At this point in time the Nazis had not yet thought of using the Hitler Youth as a military force – that would come out of desperation towards the end of the war after the tide had turned against them. Fritz, however, in his zeal for the Nazi cause, was determined to take part in the fighting despite his age. In 1940, through a combination of lying about his age and family connections – his father was reportedly very close to Himmler – he was enlisted in the Waffen wing of the Schutzstaffel and sent to fight in France. At the young age of fifteen, he joined in several of the Waffen-SS’s bloody massacres with ghoulish delight. He was captured by the Allies, however, and, after the United States joined the war in December of 1941, was shipped to a prisoner of war camp in America.

Finding himself a prisoner in North America, Fritz made contact with the Canadian embassy in the United States. He appealed to our diplomats to intervene with the American government and the Allied high command and arrange for him to be transferred to a camp in Canada. He naively thought he would be given more lenient treatment here, little realizing that in 1940s Canada, decades before the social and cultural revolution wrought by the Liberal Party in the 1960s, he would not find namby-pamby courts content with slapping him on the wrist, patting his head, and telling him it wasn’t his fault, that he was a basically good kid who was just misguided and misunderstood. The Canadian ambassador read his letter of request, showed it to his friends and his superiors in Ottawa, and after they had all had a good laugh over it, used it to light his cigar. Fritz remained in the American POW camp until the end of the war.

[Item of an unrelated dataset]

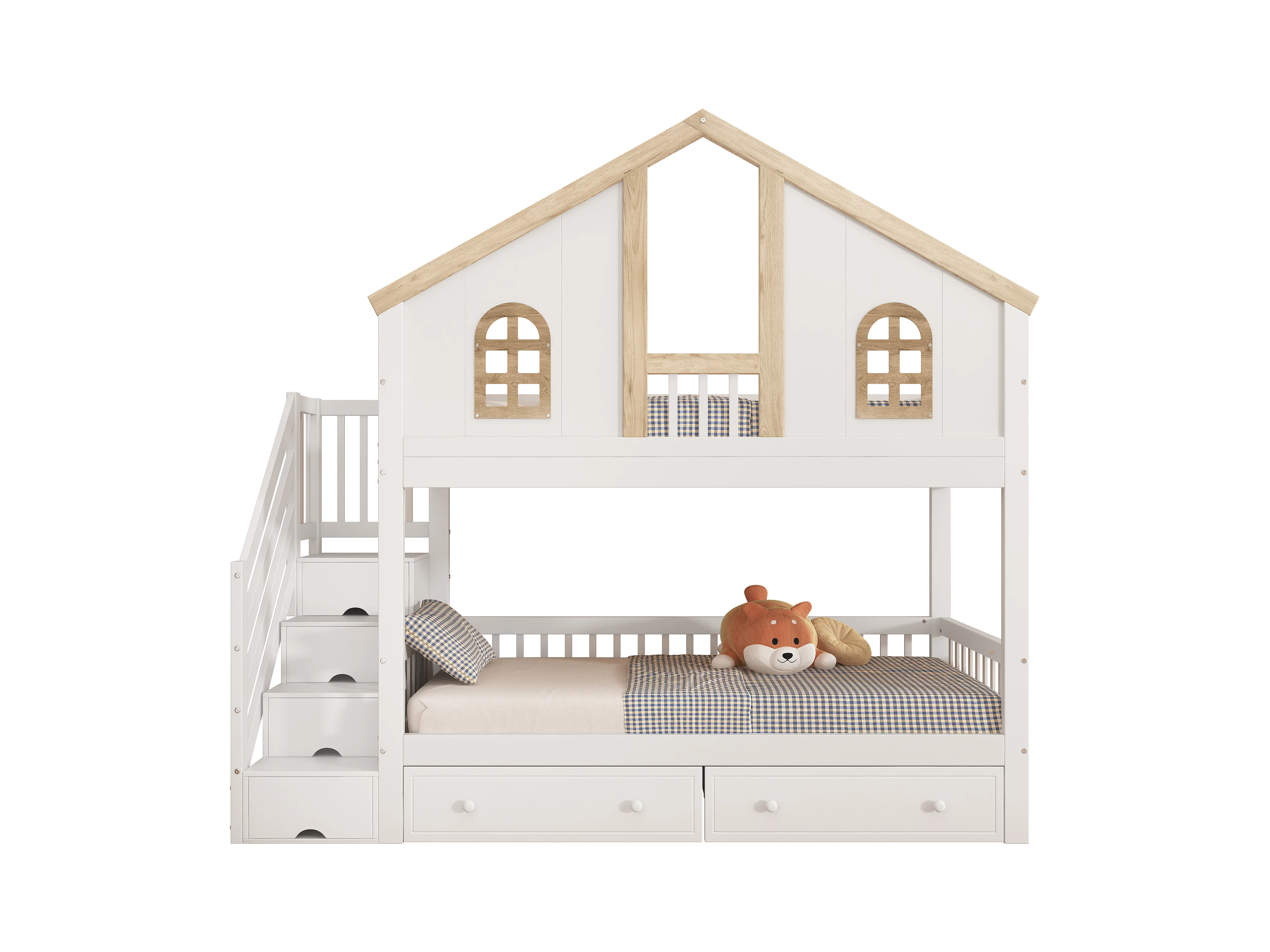 Lit superposé pour enfant - 2 x 90 x 200 cm - avec fenêtre + 2 tiroirs + 4 rangements dans l'escalier - pin + MDF - blanc + naturel

When the war ended, Fritz filed a lawsuit against the Canadian government demanding an apology and $20 000 000 in compensation. The courts threw the suit out and told him not to waste their time. He then turned to the media to air his grievances but found little to no sympathy. Eventually, during the premiership of John Diefenbaker, he was barred from even setting foot on Canadian soil.

The preceding story is, of course, fiction. It is accurate, however, in its depiction of what would have happened, in that era, had an enemy of our country attempted to capitalize on his having been born here in this way.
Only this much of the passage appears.